Several USD Currency Pairs Experienced a Slight Increase

The 10-year US Treasury yield hit 2.2% and the two-year yield rose to 1%, flattening the yield curve. The Bank of England meets on Thursday and markets expect to raise rates by another quarter point.

The Bank of Japan is expected on Friday to abandon its very loose policy setting. The dollar was up 0.4% on the Japanese yen and at noon touched 119.13 yen, its highest in more than five years.

The commodity-sensitive Australian dollar was up 1.3% at $0.7288. The dollar was lower Tuesday morning in Asia, along with the Japanese yen and Australian dollar.

The latest COVID-19 outbreak in China led to lockdowns in several cities, but the focus is on the US Federal Reserve's March policy decisions. The US Dollar Index, which tracks the greenback against a basket of other currencies, edged down 0.08% to 98.948.

The USD/JPY pair edged up 0.11% to 118.31, with the Bank of Japan (BOJ) lowering its policy on Friday. The GBP/USD pair edged up 0.20% to 1.3026, with the Bank of England set to cut policy on Thursday.

The AUD/USD pair edged down 0.08% to 0.7181. The Reserve bank of Australia released the minutes from its last meeting earlier in the day, and the NZD/USD pair edged down 0.01% to 0.6744.

The Fed's Expectations Against Dollar Movement in Pandemic Times

The USD/CNY pair edged up 0.16% to 6.3754. Chinese data released earlier in the day showed that fixed asset investment grew 12.2% year-on-year in February.
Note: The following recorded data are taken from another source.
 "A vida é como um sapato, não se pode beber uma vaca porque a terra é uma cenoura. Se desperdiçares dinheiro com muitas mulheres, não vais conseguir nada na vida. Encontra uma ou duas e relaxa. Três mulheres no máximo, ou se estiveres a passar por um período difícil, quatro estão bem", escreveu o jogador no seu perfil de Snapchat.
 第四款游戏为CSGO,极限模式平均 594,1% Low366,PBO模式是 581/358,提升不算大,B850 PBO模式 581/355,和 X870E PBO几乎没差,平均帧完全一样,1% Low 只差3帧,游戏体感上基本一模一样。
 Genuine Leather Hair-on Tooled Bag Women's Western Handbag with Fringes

Industrial production grew 7.5% year-on-year and retail sales grew 6.7% year-on-year, while rates were 5.5%.

The Fed is widely expected to raise interest rates for the first time in the pandemic when it drops policy on Wednesday. Investors expect a 25-basis point gain at this meeting, according to CME's Fedwatch tool.

There are thoughts the Fed's statement and Chairman Jerome Powell's press conference after the meeting will have an effect in terms of market prices for a 50-basis point rise in May and beyond, and that will have an impact on the intraday US dollar.
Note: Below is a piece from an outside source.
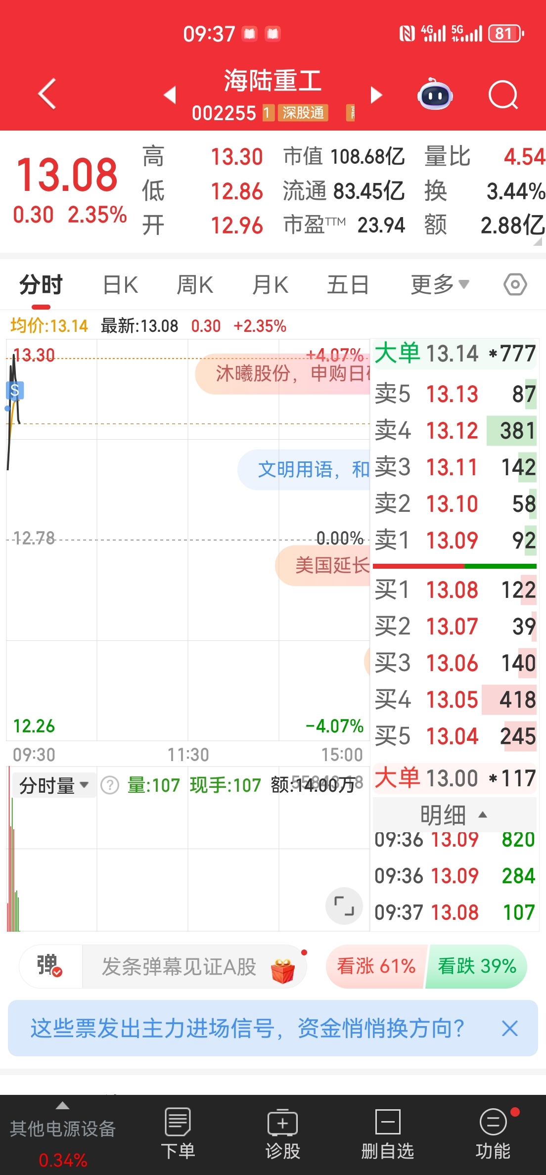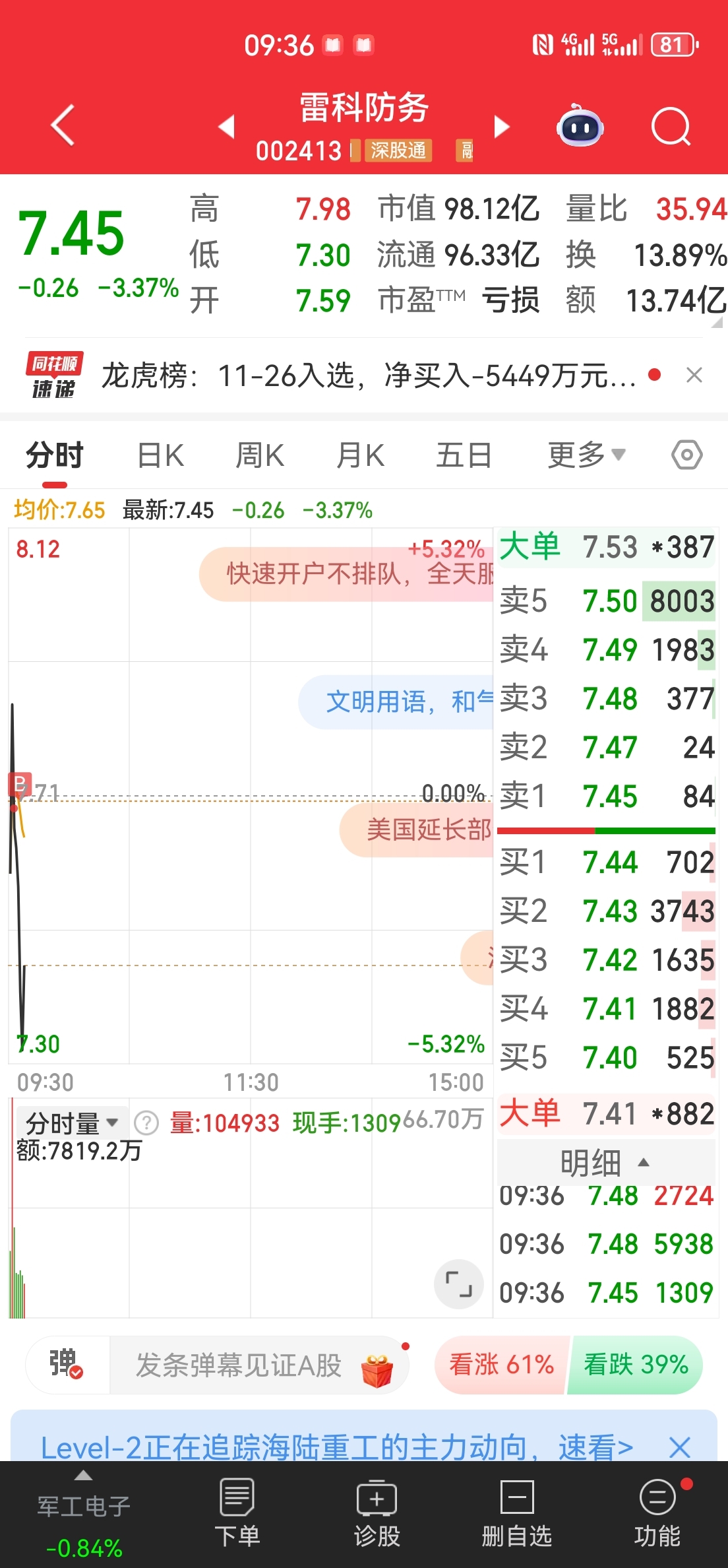 $雷科防务(SZ002413)$ 一万到一百万第28天,海陆开盘+2走了,0轴买了雷科防务

The dollar is not far from 99,415 hit in the last week, its highest level since May 2020. The yen posted sharp declines in the last session, as the divergence in the policies adopted by the Fed and the BOJ became more visible.

Hopes that Ukraine and Russia will reach negotiations to start a war sparked by Russia's invasion on February 24 also take away some of the safe-haven yen. Fourth talks meet on Monday, but no new progress has been reported. Talks will resume on Tuesday.